Over 1 billion women cannot access abortion services.

Late abortions (classed as after 22 weeks) account for one percent of abortions.


It is not for me, or anyone else, to decide when a woman should become a mother. It is not for me to decide whether they should keep the child if that child were conceived by rape. Is it not for me to decide for anyone else if a mother should take to term a child that is likely to suffer poor quality of life or a low life expectancy. The impact of the mother is irrelevant in the eyes of the pro-life crowd, to the point of hypocrisy. 


14 thoughts on “Manipulation – the Pro-Life Arguments 

  1. Interesting post. I think you’re right – appeals to emotion are a weak means of argument.

    I’m glad I found this post, as I have been on the hunt for a pro-choicer who will enter into a rational, logic-based, discussion about abortion.

    So, if you would, please lay out your logic-based reasons as to why a human fetus is not a human being, and – if it is a human being – why a mother should be free to kill it.

    I’ll admit, I am currently pro-life; however, living in a world where up to 50,ooo,ooo babies are killed each year is not a fun place to be. Thus, I am very open to logical, non-emotional reasoning from the pro-choice stance.

    Thanks for your time. God bless, and have a Merry Christmas!


    1. Hello again,

      Firstly, thank you again for your comment. It has been providing me with something to think about, and unlike another ‘conversation’ going on, I suspect this one will be carried out on the basis of civility and respect.

      Logical reasons for abortion – a good question, and a challenging question. Let’s begin.

      1. If the foetus (or embryo, to use another term) is unviable for any reason, being likely to either not survive the pregnancy or die shortly after birth, is it logical to risk the life of the mother to bring the child to term? Women are 14 times more likely to die during childbirth than they are getting an abortion.

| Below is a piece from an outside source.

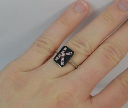 Art Deco Period Signet or Panel Ring, Solid platinum shank and head, Set with alternating natural rubies and diamonds, all old cuts, in the form of an initial K. 9.5mm x 13.5mm head. Weight; 4.6 grams, Ring Size; O UK, 7 US
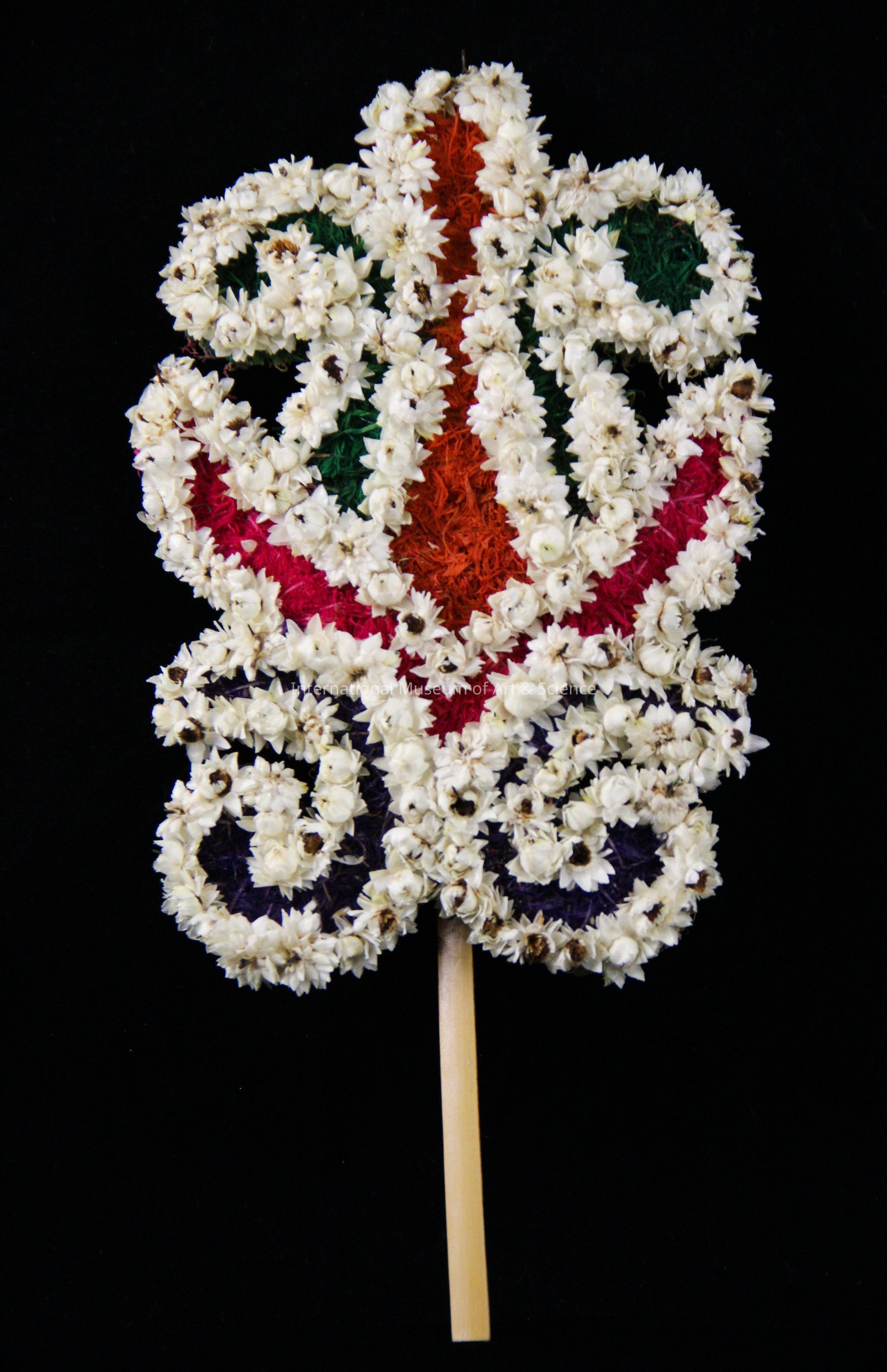 A dried flower standard. The standard as a bamboo stem with the curvilinear top decorated with many dried flowers.Artwork Details

Should the mother be placed at greater risk in order to satisfy someone else?

      2. In cases of rape, the mother is still expected to carry the child to term in many cases. Aside from the obvious emotional and psychological trauma of this experience, the mother may not be in a financial position to raise a child. Is it logical to expect her to proceed with a pregnancy that she didn’t want and has only ended up with through violent means? For that matter, is it logical for anyone to bring a child into the world without the means to properly care for it?

      3. I have yet to see a logical argument for why anyone, least of all men, should be able to dictate to women as to whether they should keep a child that will trigger considerable physical change in the mother. It is the mother’s body that is placed under greater strain. Over 300,000 women die every year from pregnancy or childbirth, not a single man will die from these things, yet it is men who often decide the rules on abortion. Is this logical?

      4. One of the largest proponents of the pro-life argument is the Catholic Church (and this is the case with other religions as well). Yet the Catholic Church (and again, some other religions) also argue against contraception. It is not logical in the least to be against birth control measures and then be against abortion as well. This type of thinking is creating ‘a rod for one’s own back’, and one has to wonder at the thought process behind this.


  2. Thank you for the reply. This discussion can most definitely be carried in a respectful way. I value and appreciate the tone you used while laying out your points in the previous comment. Clear, concise. No name calling or eye rolling.

    That said, I will offer why I’m struggling with the pro-choice stance.

    I read all your points several times. And there is a fundamental issue with the reasoning. Practice vs. Principal.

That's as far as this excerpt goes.